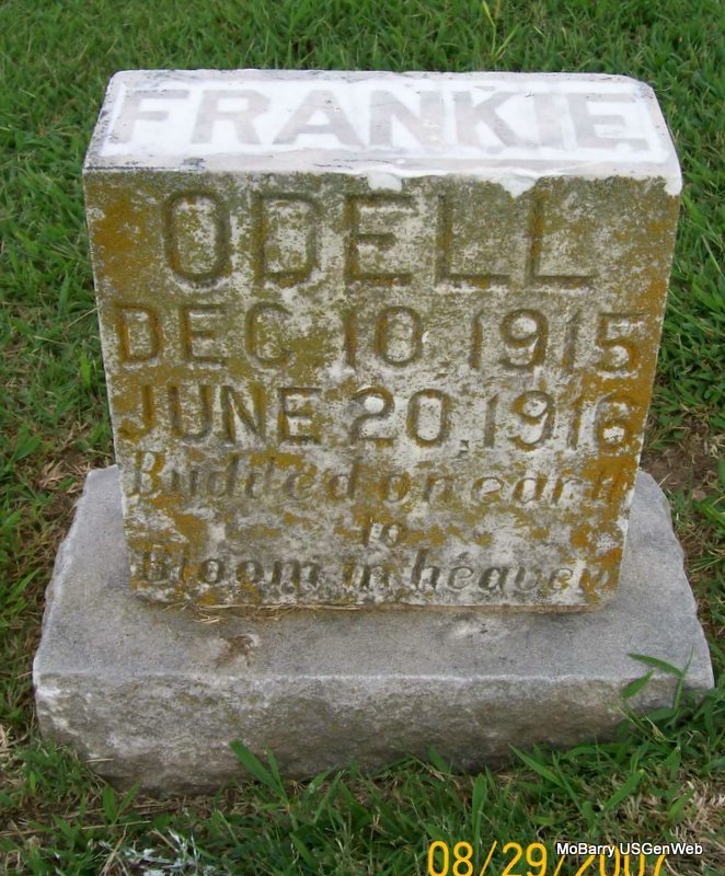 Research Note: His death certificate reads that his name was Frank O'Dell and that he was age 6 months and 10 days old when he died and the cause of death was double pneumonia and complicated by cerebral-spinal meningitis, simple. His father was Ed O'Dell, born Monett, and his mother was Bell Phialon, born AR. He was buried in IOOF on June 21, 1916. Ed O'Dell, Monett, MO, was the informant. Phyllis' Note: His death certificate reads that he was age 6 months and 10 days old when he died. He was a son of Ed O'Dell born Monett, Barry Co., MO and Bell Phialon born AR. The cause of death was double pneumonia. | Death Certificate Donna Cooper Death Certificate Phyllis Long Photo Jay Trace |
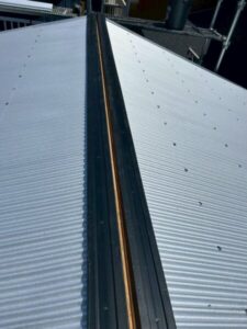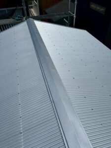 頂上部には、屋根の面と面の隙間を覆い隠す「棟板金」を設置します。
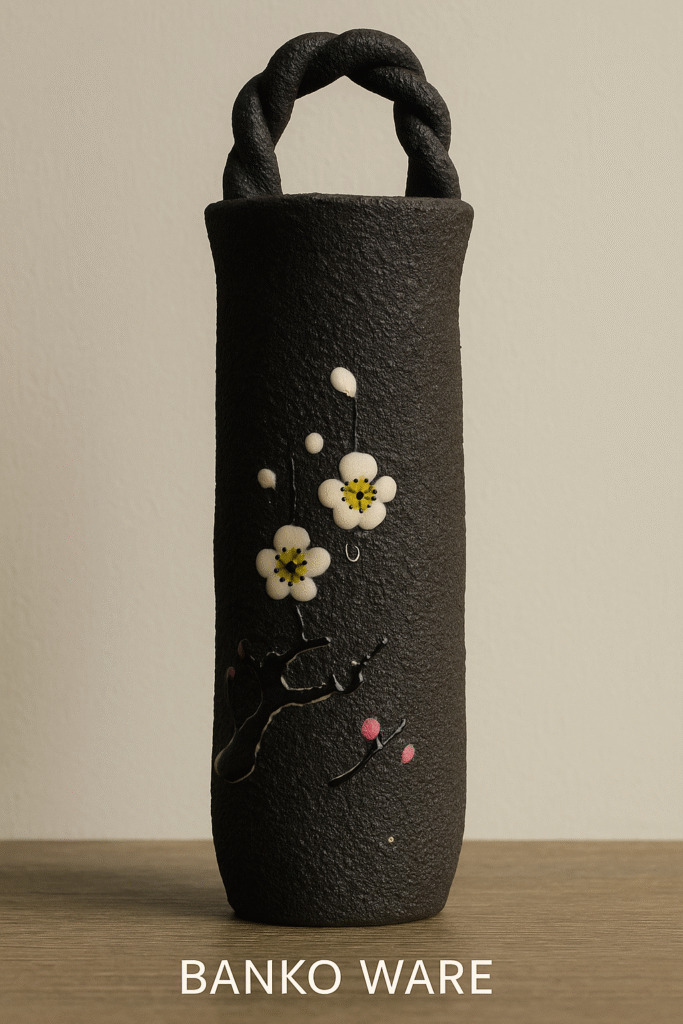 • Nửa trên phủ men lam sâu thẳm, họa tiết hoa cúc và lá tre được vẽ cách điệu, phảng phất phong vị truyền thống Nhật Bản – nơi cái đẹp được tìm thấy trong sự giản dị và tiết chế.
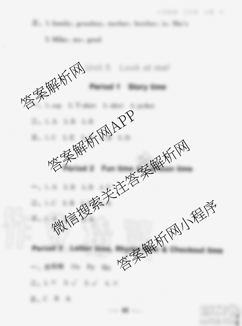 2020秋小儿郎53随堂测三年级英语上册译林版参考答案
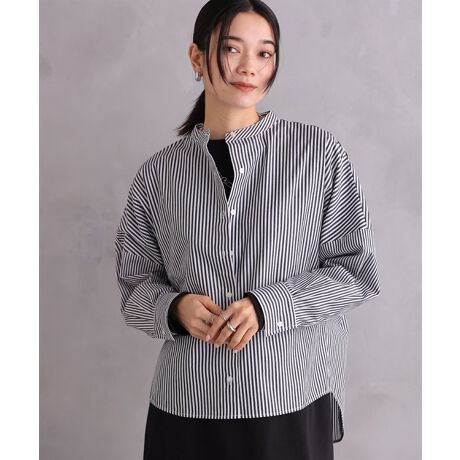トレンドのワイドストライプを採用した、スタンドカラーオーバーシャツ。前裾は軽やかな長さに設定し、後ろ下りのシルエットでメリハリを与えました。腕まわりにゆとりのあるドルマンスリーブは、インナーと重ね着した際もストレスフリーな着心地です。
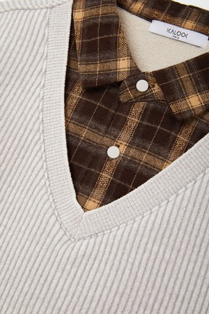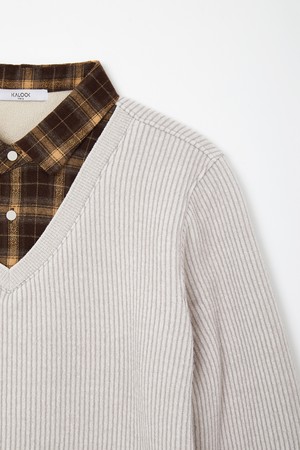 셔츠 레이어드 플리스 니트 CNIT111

□ □ □ □

- Your goal:
An acceptable answer consists of the lines above from the one holding "頂上部には、屋根の面と面の隙間を覆い隠す「棟板金」を設置します。" to the end of the data, repeated exactly and containing no pictures.

- Answer area:
 頂上部には、屋根の面と面の隙間を覆い隠す「棟板金」を設置します。
 • Nửa trên phủ men lam sâu thẳm, họa tiết hoa cúc và lá tre được vẽ cách điệu, phảng phất phong vị truyền thống Nhật Bản – nơi cái đẹp được tìm thấy trong sự giản dị và tiết chế.
 2020秋小儿郎53随堂测三年级英语上册译林版参考答案
トレンドのワイドストライプを採用した、スタンドカラーオーバーシャツ。前裾は軽やかな長さに設定し、後ろ下りのシルエットでメリハリを与えました。腕まわりにゆとりのあるドルマンスリーブは、インナーと重ね着した際もストレスフリーな着心地です。
 셔츠 레이어드 플리스 니트 CNIT111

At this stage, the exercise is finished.